CONCLUSION

Compter uniquement sur de nouvelles recettes pesant sur les plus fortunés pour procéder à une consolidation budgétaire reviendrait sans nul doute à se méprendre sur l'ampleur de l'effort requis pour stabiliser la dette, plutôt de l'ordre de 120 milliards d'euros à horizon 2029.

Par contraste, selon deux chercheurs de l'OFCE297(*), les recettes à attendre d'une correction de la dégressivité soulignée par la note de l'IPP, seraient d'environ 4,4 milliards d'euros par an - calcul de l'« écart à la norme de non-dégressivité »298(*), dont l'essentiel serait concentré sur les 75 foyers les plus aisés (3,2 milliards d'euros, soit 72 % du total).

Si les trajectoires de réduction du déficit public et de décarbonation imposeront à tous des efforts importants, la présentation de contributions sur les seuls foyers très fortunés en tant que mesures de rendement, venant en quelque sorte se substituer aux efforts du reste de la population française, dans l'objectif de résorption du déficit public a été très contestée, par les concepteurs de ces contributions299(*), comme par d'autres de leurs défenseurs, comme les économistes Olivier Blanchard ou Jean Pisani-Ferry.

La France enregistre le second taux de prélèvements obligatoires le plus élevé de l'Union européenne. Le Fonds monétaire international (FMI) a indiqué récemment qu'« un recours accru aux hausses d'impôts n'est ni réaliste ni souhaitable, compte tenu des risques qu'il ferait peser sur la confiance des entreprises, la compétitivité et la croissance »300(*).

Le contexte de concurrence fiscale et de mobilité des capitaux impose en outre d'agir avec prudence301(*). Comme le souligne l'association française du family office (AFFO), toute hausse de la pression fiscale devrait être appréciée non seulement au regard des recettes attendues, mais aussi de ses effets sur l'attractivité, la localisation des investissements, le maintien des centres de décision et la compétitivité de l'économie.

Si d'éventuelles réactions migratoires302(*) face à un impôt sur la fortune semblent pouvoir être efficacement contrebalancées par la mise en place d'une exit tax suffisamment dissuasive303(*), les entrepreneurs pourraient, avant même le développement de leur activité, être incités à localiser celle-ci sous une juridiction plus clémente.

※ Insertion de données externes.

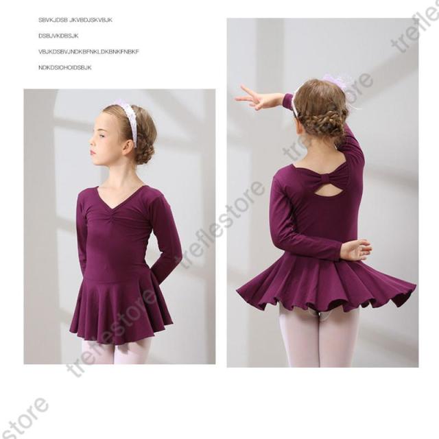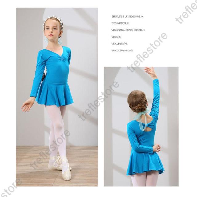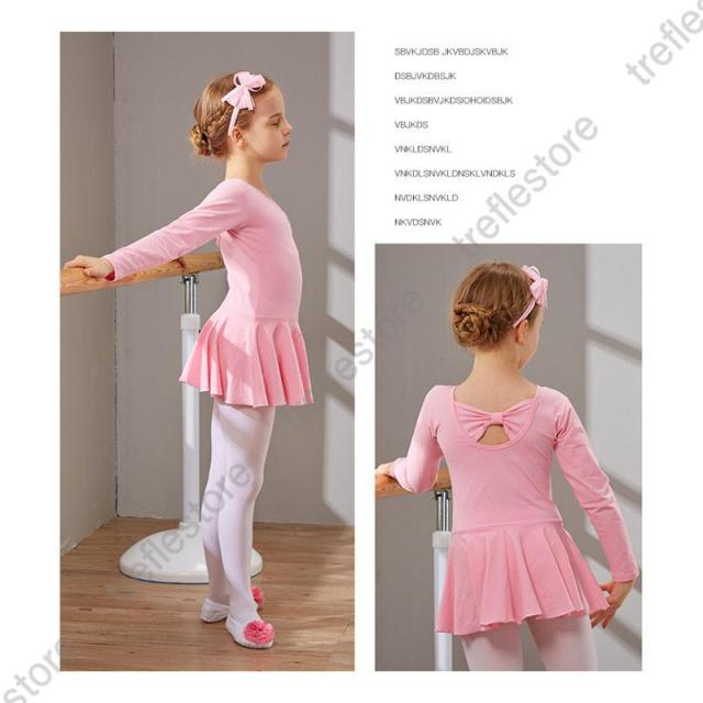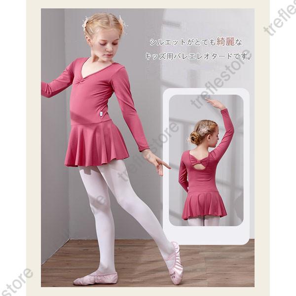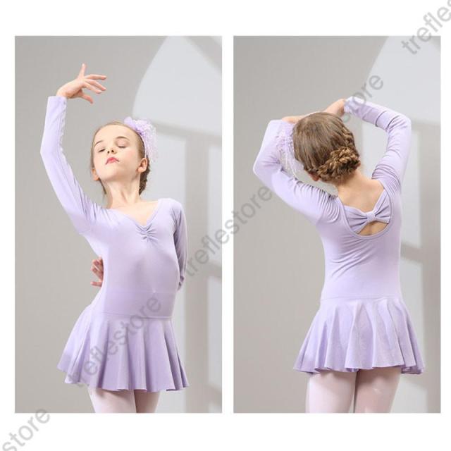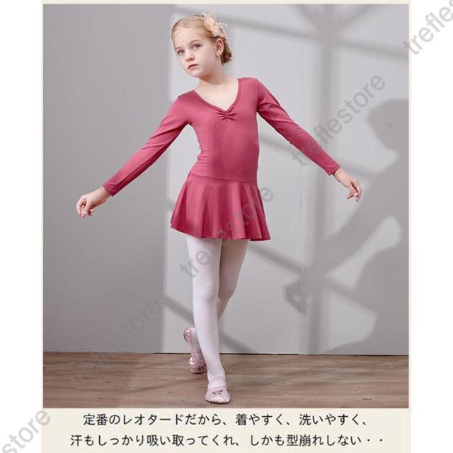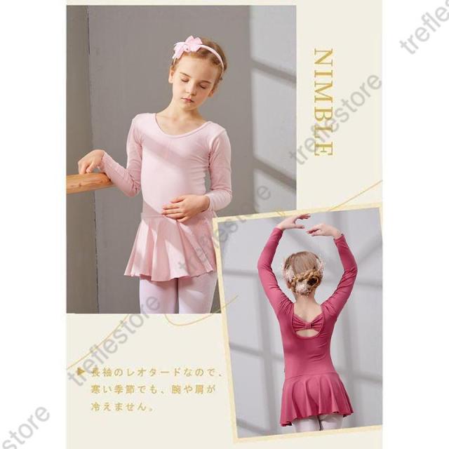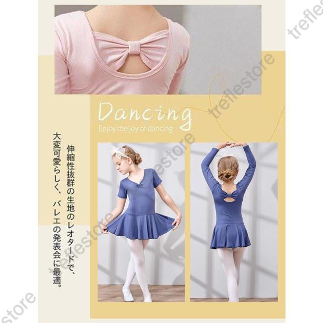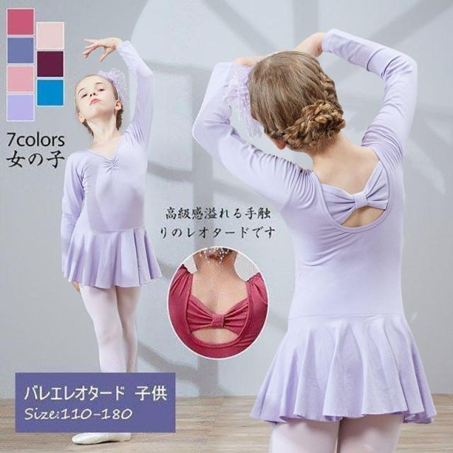 【ポイント5倍!】キッズ バレエ ワンピース 後ろリボン 長袖 レッスン レオタード 子供用 習い事 練習着 両手を動かしやすい 幼児 小学校 発表会 イベント用 体操服 練習 こども

De fait, seuls quatre pays de l'OCDE disposent encore d'un impôt sur la fortune304(*). La France impose déjà la détention du patrimoine immobilier (24 % de ses impôts sur le patrimoine), les transactions et transmissions (34 % de ce total), ainsi que les revenus tirés du patrimoine (42 %), pour un total de 112 milliards d'euros en 2023. L'imposition de la détention et des mutations du patrimoine représente 8,1 % de l'ensemble des prélèvements obligatoires en France, significativement au-dessus de la moyenne de l'OCDE, de 5,3 %.

Selon une typologie proposée par Stefanie Stantcheva, les difficultés de conception d'une imposition du stock peuvent conduire à envisager de le taxer à l'occasion de flux, par exemple en visant les revenus du capital et les mutations patrimoniales305(*), « les effets de la taxation des successions sur l'épargne et la consommation étant a priori plutôt faibles »306(*).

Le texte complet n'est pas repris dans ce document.